Indian civil servant (1957–2021)

Shakti Sinha (11 May 1957 – 4 October 2021) was a career civil servant of the Indian Administrative Service and director of the Nehru Memorial Museum & Library.

At the time of his death, he was director general of the International Buddhist Confederation and Honorary Director, Atal Bihari Vajpayee Institute of Policy Research and International Studies (AIPRIS), M.S.University of Baroda, Gujarat.

==Early life and education==
Shakti Sinha had his early schooling in St. Xavier's School, Ranchi. He subsequently moved to Delhi where he completed his B.A. (Honours) in History in 1976 and his M.A. in history from the Hindu College, Delhi in 1978, specializing in contemporary Chinese history & politics, and modern Indian history. He also obtained an M.A. in International Commerce & Policy from the George Mason University in 2002.

==Career==
===Administration===
Shakti Sinha was of the 1979 batch of the Indian Administrative Service (IAS). Over the course of his administrative career, he served in various capacities in the states and Union Territories of Delhi, Goa and the Andaman and Nicobar Islands.

Amongst other postings, he served as the Principal Secretary (Finance & Power), Government of Delhi, and Chief Secretary, Andaman and Nicobar Islands. He also headed the governance and development section of the United Nations Assistance Mission in Afghanistan (UNAMA) .

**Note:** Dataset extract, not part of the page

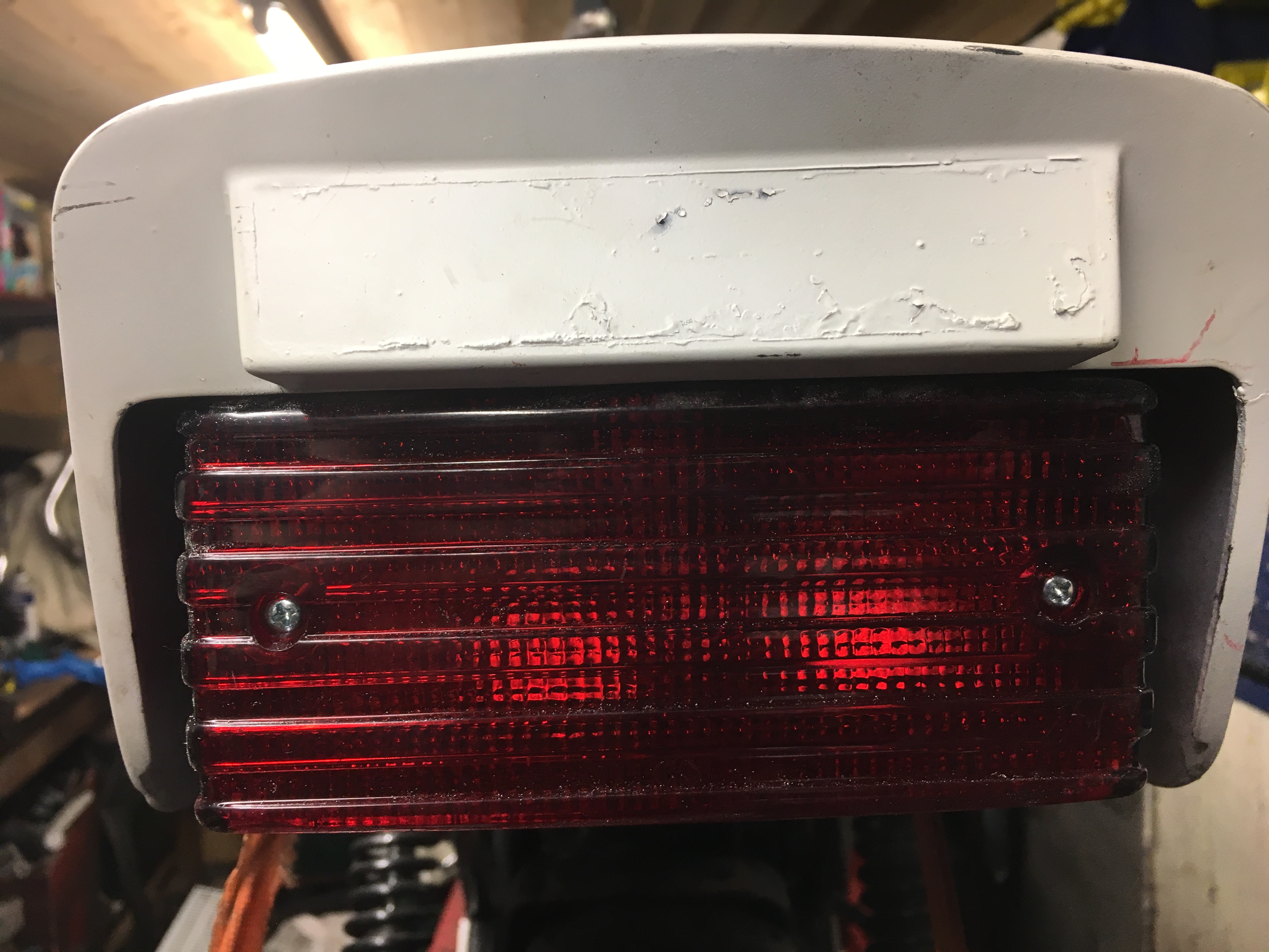 The next job was to plastic weld the mounting lugs on the tailpiece, which I originally thought was glass fiber but its actually an original. So using an old fairing in fill panel and tie wraps I moulded some new lugs into the tailpiece.

He took voluntary retirement from the IAS in 2013 on account of policy differences and after the Government of Delhi passed him over for appointment as Chief Secretary .

===Foreign Assignments===
Shakti Sinha served as the senior advisor to the executive director representing India, Bangladesh, Bhutan and Sri Lanka on the board of the World Bank from January 2000 to June 2004. He served in various senior capacities in the UN programmes in Afghanistan, including UNAMA and UNDP, from April 2006 to April 2009.

===Academic===
He was a visiting senior fellow, Observer Research Foundation, New Delhi from April 2005 to March 2006 and a research fellow at the Institute of South Asian Studies, National University of Singapore in 2009.

==Notability==
He was closely associated with Prime Minister Atal Bihari Vajpayee, whom he got to know in the 1980s. He first served as his secretary when Vajpayee became prime minister in 1996 and continued serving as private secretary after he became leader of the Opposition from June 1996 to January 1998. He again served as Joint Secretary to the prime minister from March 1998 to November 1999 during his second premiership. A book recounting his experiences, Vajpayee The Years That Changed India, was published to general acclaim in December 2020.